(Data items)

----------

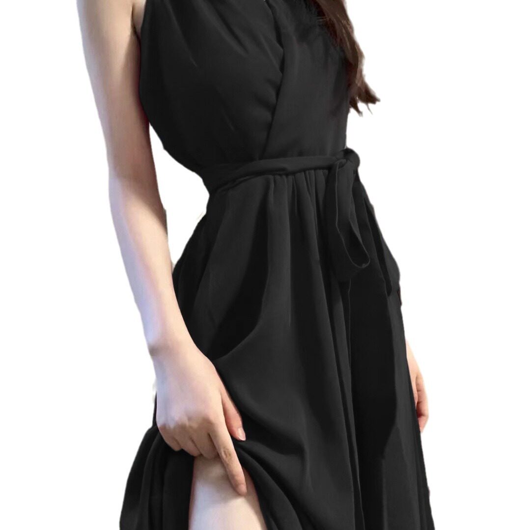 大码夏季挂脖伪娘连衣裙气质纯欲性感红色御姐绑带修身男娘长裙
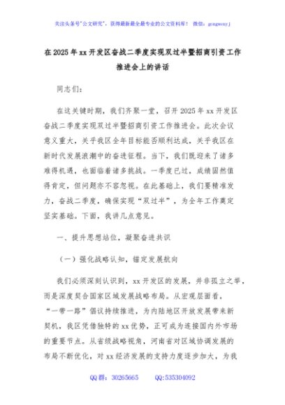 / 在2025年xx开发区奋战二季度实现双过半暨招商引资工作推进会上的讲话
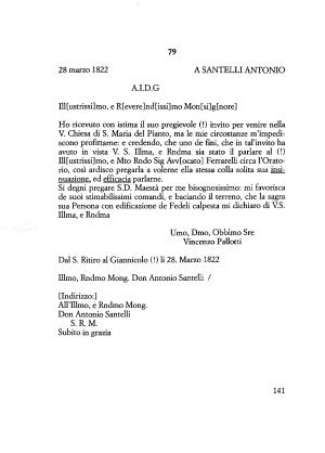 Dal S . Ritiro al Giannicolo (!) li 28 . Marzo 1822 Hhno , Rndmo Mong . Don Antonio Santelli /
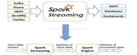 Spark Streaming的基本原理是将输入数据流以时间片(秒级)为单位进行拆分,然后以类似批处理的方式处理每个时间片数据,基本原理图如下:
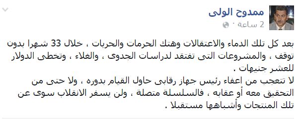 وأضاف “الولي” – عبر منشور له على “فيس بوك”-: “بعد كل تلك الدماء والاعتقالات وهتك الحرمات والحريات، خلال 33 شهرا بدون توقف، والمشروعات التي تفتقد لدراسات الجدوى، والغلاء، وتخطى الدولار للعشر جنيهات، لا تتعجب من إعفاء رئيس جهاز رقابي حاول القيام بدوره، ولا حتى من التحقيق معه أو عقابه، فالسلسلة متصلة، ولن يسفر الانقلاب سوى عن تلك المنتجات وأشباهها مستقبلا”.
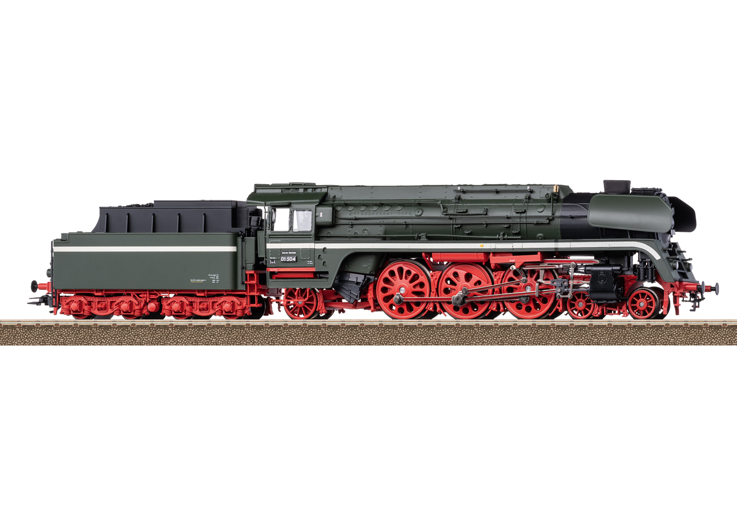 Dampflokomotive Baureihe 01.5 - Vorbild: Schnellzug-Dampflokomotive Baureihe 01.5, mit Kohlen-Schlepptender 2´2´T34. Reko-Ausführung der Deutschen Reichsbahn der DDR (DR/DDR). Dunkelgrüne Grundfarbgebung mit weißen Zierstreifen. Mit Boxpok-Räder, Witte-Windleitblechen in spezieller Bauform für die BR 01.5, durchgehender Domverkleidung und seitlicher Verkleidung der Umlaufbleche. Lok-Betriebsnummer 01 504. Betriebszustand um 1964.Modell: Mit Digital-Decoder und umfangreichen Licht- und Geräuschfunktionen. Geregelter Hochleistungsantrieb mit Schwungmasse im Kessel. 3 Achsen angetrieben. Haftreifen. Lokomotive und Tender weitgehend aus Metall. Eingerichtet für Rauchsatz 7226. Fahrtrichtungsabhängig wechselndes Dreilicht-Spitzensignal und nachrüstbarer Rauchsatz konventionell in Betrieb, digital schaltbar. Führerstandbeleuchtung zusätzlich digital schaltbar. Beleuchtung mit wartungsfreien warmweißen Leuchtdioden (LED). Kurzkupplung mit Kinematik zwischen Lok und Tender. Am Tender kinematikgeführte Kurzkupplung mit NEM-Schacht. Befahrbarer Mindestradius 360 mm. Kolbenstangenschutzrohre und Bremsschläuche liegen bei. Länge über Puffer 28,2 cm.Dieses Modell finden Sie in Wechselstromausführung im Märklin H0-Sortiment unter der Artikelnummer 38205.

----------

EXERCISE OBJECTIVE: Each line from the first line of the records through the line containing "Spark Streamin" must be reproduced exactly, with both ends included and all pictures omitted; nothing else belongs in the answer.

ANSWER TO THE EXERCISE:
 大码夏季挂脖伪娘连衣裙气质纯欲性感红色御姐绑带修身男娘长裙
 / 在2025年xx开发区奋战二季度实现双过半暨招商引资工作推进会上的讲话
 Dal S . Ritiro al Giannicolo (!) li 28 . Marzo 1822 Hhno , Rndmo Mong . Don Antonio Santelli /
 Spark Streaming的基本原理是将输入数据流以时间片(秒级)为单位进行拆分,然后以类似批处理的方式处理每个时间片数据,基本原理图如下:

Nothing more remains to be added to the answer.